Genus: Pinus
Family: Pinaceae

There are around 100 species of pines, eight of which are native to Oregon. To tell them apart, start by counting the number of needles found in the bundles on each branch. Then look at the size and shape of the cones.

Reed has about 10 species of pines represented on the campus. Pines are vulnerable to air pollution, so they are generally planted in the more protected areas, away from the roads.

Pinus contorta
Coast Pine

The Lodgepole Pine has the same botanic name but is found inland. The Coast Pine, as the name indicates, is found along the coast of much of western North America. It has bundles of two needles. While the Lodgepole Pine is tall and straight, the Coast Pine is often squat and asymmetrical from strong coastal winds. The cones of the Coast Pine point down the branch toward the trunk, while the Lodgepole Pine cones point out from the branch.

Maps: 8, 10, 11, 14

Pinus densiflora
Japanese Red Pine

An evergreen, this tree is fast-growing in youth, eventually reaching 100 feet, although it usually tops off at 50-60 feet. The small form of this pine, called `Tanyosho,' normally develops two or more trunks. It has handsome red bark and bright blue-green or yellow-green needles. The plentiful cones are two inches long.

Maps: 26

Pinus jeffreyi
Jeffrey Pine

This 3-needled pine closely resembles the Ponderosa, except its needles are longer, stiffer, and grayer, and its cones are twice as long. It is native to southern Oregon and California.

Maps: 32

Pinus lambertiana Pinus lambertiana

Pinus lambertiana
Sugar Pine

Tallest of all the world's pines, the Sugar Pine grows the largest cones - 15 to 24 inches long - of any conifer. Needles, usually twisted in bundles of five, are three to four inches thick and dark bluish-green. Its sap contains a sugary substance. Found in large areas of the Siskiyou and Klamath Mountains in Oregon, this species was selected as a replacement from the original planting list.

Maps: 15

Pinus monticola
Western White Pine

The Western White Pine is native to the western United States from sea level to timberline. It is one of the three 5-needled pines that grow in the Pacific Northwest with needles about 4 inches in length and narrow cones that are 5-10 inches long. It is the state tree of Idaho.

Maps: 31

Pinus nigra
Austrian Pine

The Austrian Pine is a 2-needled species from western and central Europe eastward into the Balkans, Crimea, and Turkey. Its foliage is a very dark green. The spreading branches of a young tree form a pyramidal outline, but in old age, it sometimes achieves a picturesque flat-topped head.

Maps: 15, 29, 31

Pinus ponderosa
Ponderosa Pine

The Ponderosa Pine is the most frequently planted of the large, long-needled native pines. The deep green needles, 6-10 inches long, are arranged in bundles of three. Cones are 3 to 5 inches long. Although found in the interior valleys of western Washington and Oregon, its principal range is east of the Cascades. It is a very important timber tree.
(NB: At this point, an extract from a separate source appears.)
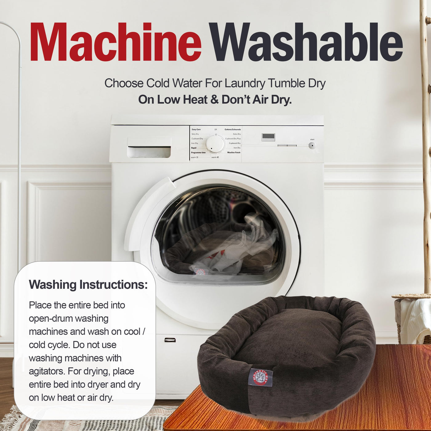 Q: Is the Majestic Pet dog bed machine washable?A: Yes, the dog bed is machine washable, allowing for easy cleaning and maintenance. Simply follow the care instructions to keep it fresh and hygienic for your pet.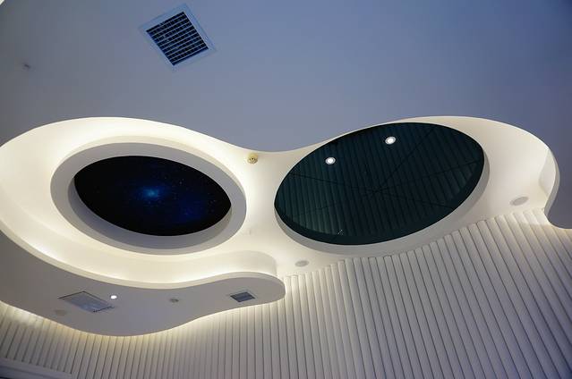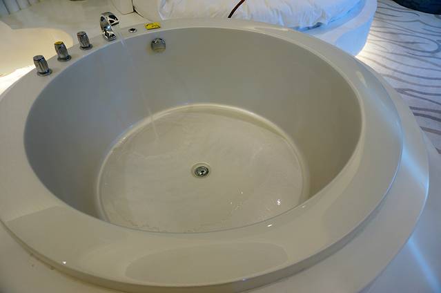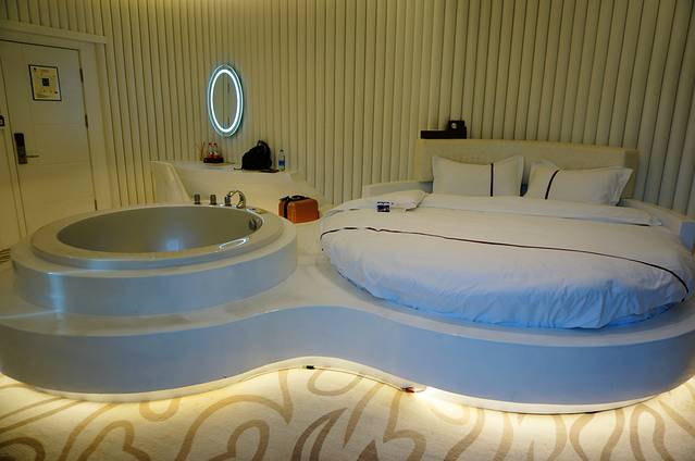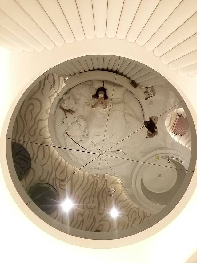 床和浴缸顶上也分别有两个圆形是设计,第一个就是星空,浴缸对上。第二个是一块镜子,有木有睡公主的感觉~!

Maps: 12, 16, 19, 24, 28, 30, 31, 32

Pinus strobus
Eastern White Pine

This is the tallest native tree found east of the Rocky Mountains. It grows up to 80 feet high and has needles in bundles of five. It's the state tree of Maine and Michigan.

Maps: 19, 20

Pinus sylvestris
Scotch Pine

Twisted, blue-green needles of the Scotch pine come two in a bundle. The cones are 2 inches long. The bark is reddish-orange in color at first, maturing to grayish red-brown. Scotch pines are often used as Christmas trees. The species is variable; many strains and cultivars have been developed. It is native from western Europe to Siberia.

Maps: 5, 6, 8, 12, 13, 17, 19, 26, 31

Pinus thunbergiana
Japanese Black Pine

The crown of this pine becomes irregular and spreading as the tree approaches maturity. Its needles come two in a cluster and are 3-4 inches long. Large, white terminal buds help to identify this tree most of the year.